Isolation and Rationale for the Formation of Isomeric Decarbamoylmitomycin C- N-deoxyadenosine Adducts in DNA.

机构信息

John Jay College of Criminal Justice , 524 West 59th Street , New York , New York 10019 , United States.

Departamento de Química Orgánica, Facultade de Química , Universidade de Santiago de Compostela , 15782 Santiago de Compostela , Spain.

出版信息

Chem Res Toxicol. 2018 Aug 20;31(8):762-771. doi: 10.1021/acs.chemrestox.8b00102. Epub 2018 Aug 2.
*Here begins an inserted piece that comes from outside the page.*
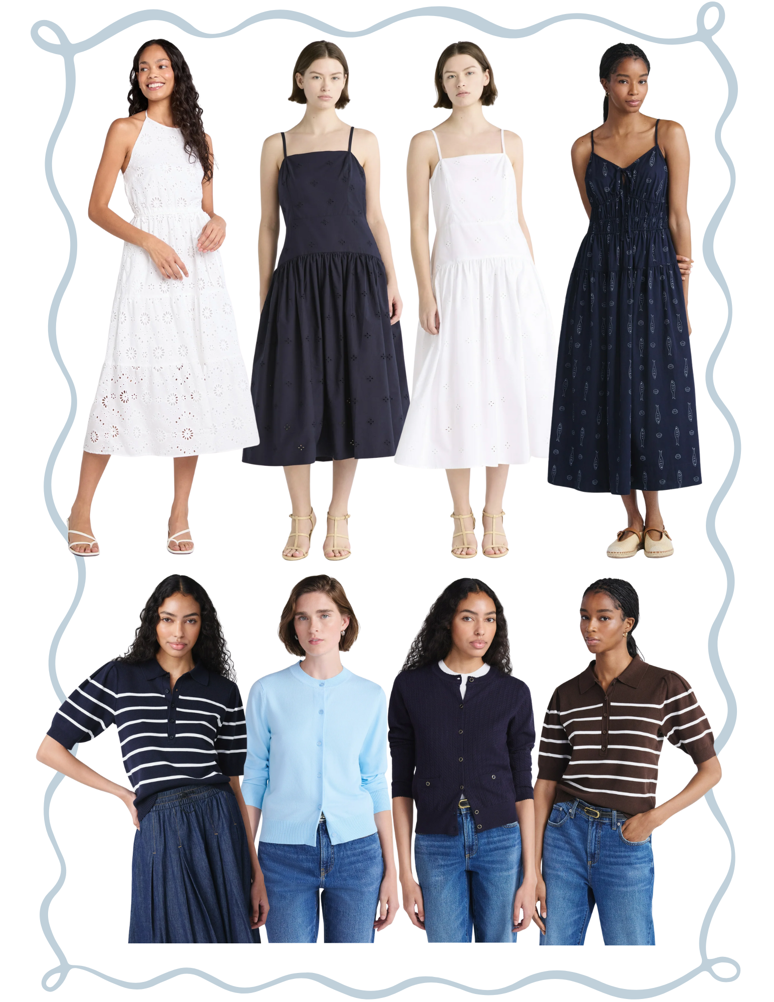 I just updated my Walmart storefront with so many pretty blue and white pieces that give that effortless coastal look we all love. From eyelet dresses to striped knits, these finds feel timeless, breezy, and perfect for transitioning into fall while keeping that fresh seaside charm.

DOI:10.1021/acs.chemrestox.8b00102
PMID:30035537
原文链接:https://pmc.ncbi.nlm.nih.gov/articles/PMC7061421/
Abstract

Mitomycin C (MC) is an anticancer agent that alkylates DNA to form monoadducts and interstrand cross-links. Decarbamoylmitomycin C (DMC) is an analogue of MC lacking the carbamate on C10. The major DNA adducts isolated from treatment of culture cells with MC and DMC are N-deoxyguanosine (dG) adducts and adopt an opposite stereochemical configuration at the dG-mitosene bond. To elucidate the molecular mechanisms of DMC-DNA alkylation, we have reacted short oligonucleotides, calf thymus, and M. luteus DNA with DMC using biomimetic conditions. These experiments revealed that DMC is able to form two stereoisomeric deoxyadenosine (dA) adducts with DNA under bifuntional reduction conditions and at low temperature. The dA-DMC adducts formed were detected and quantified by HPLC analysis after enzymatic digestion of the alkylated DNA substrates. Results revealed the following rules for DMC dA alkylation: (i) DMC dA adducts are formed at a 48- to 4-fold lower frequency than dG adducts, (ii) the 5'-phosphodiester linkage of the dA adducts is resistant to snake venom diesterase, (iii) end-chain dA residues are more reactive than internal ones in duplex DNA, and (iv) nucleophilic addition by dA occurs on both faces of DMC and the ratio of stereoisomeric dA adducts formed is dependent on the end bases located at the 3' or 5' position. A key finding was to discover that temperature plays a determinant role in the regioselectivity of duplex DNA alkylation by DMC: at 0 °C, both dA and dG alkylation occur, whereas at 37 °C, DMC preferentially alkylates dG residues.

摘要

丝裂霉素 C(MC)是一种抗癌药物,可使 DNA 烷化形成单加合物和链间交联。去甲酰丝裂霉素 C(DMC)是 MC 的类似物,缺少 C10 上的氨基甲酰基。从用 MC 和 DMC 处理培养细胞中分离出的主要 DNA 加合物是 N-脱氧鸟嘌呤(dG)加合物,并在 dG-丝裂霉素键处具有相反的立体化学构型。为了阐明 DMC-DNA 烷化的分子机制,我们使用仿生条件使短寡核苷酸、小牛胸腺和 M. luteus DNA 与 DMC 反应。这些实验表明,在双功能还原条件下和低温下,DMC 能够形成两种立体异构脱氧腺苷(dA)与 DNA 的加合物。通过对烷基化 DNA 底物进行酶消化,通过 HPLC 分析检测和定量检测形成的 dA-DMC 加合物。结果揭示了 DMC dA 烷化的以下规则:(i)DMC dA 加合物的形成频率比 dG 加合物低 48-4 倍,(ii)dA 加合物的 5'-磷酸二酯键对蛇毒二酯酶具有抗性,(iii)双链 DNA 中末端链的 dA 残基比内部的 dA 残基更具反应性,以及(iv)dA 的亲核加成发生在 DMC 的两面,形成的立体异构 dA 加合物的比例取决于位于 3'或 5'位置的末端碱基。一个关键的发现是发现温度在 DMC 对双链 DNA 的区域选择性烷化中起着决定性的作用:在 0°C 时,dA 和 dG 烷化都会发生,而在 37°C 时,DMC 优先烷基化 dG 残基。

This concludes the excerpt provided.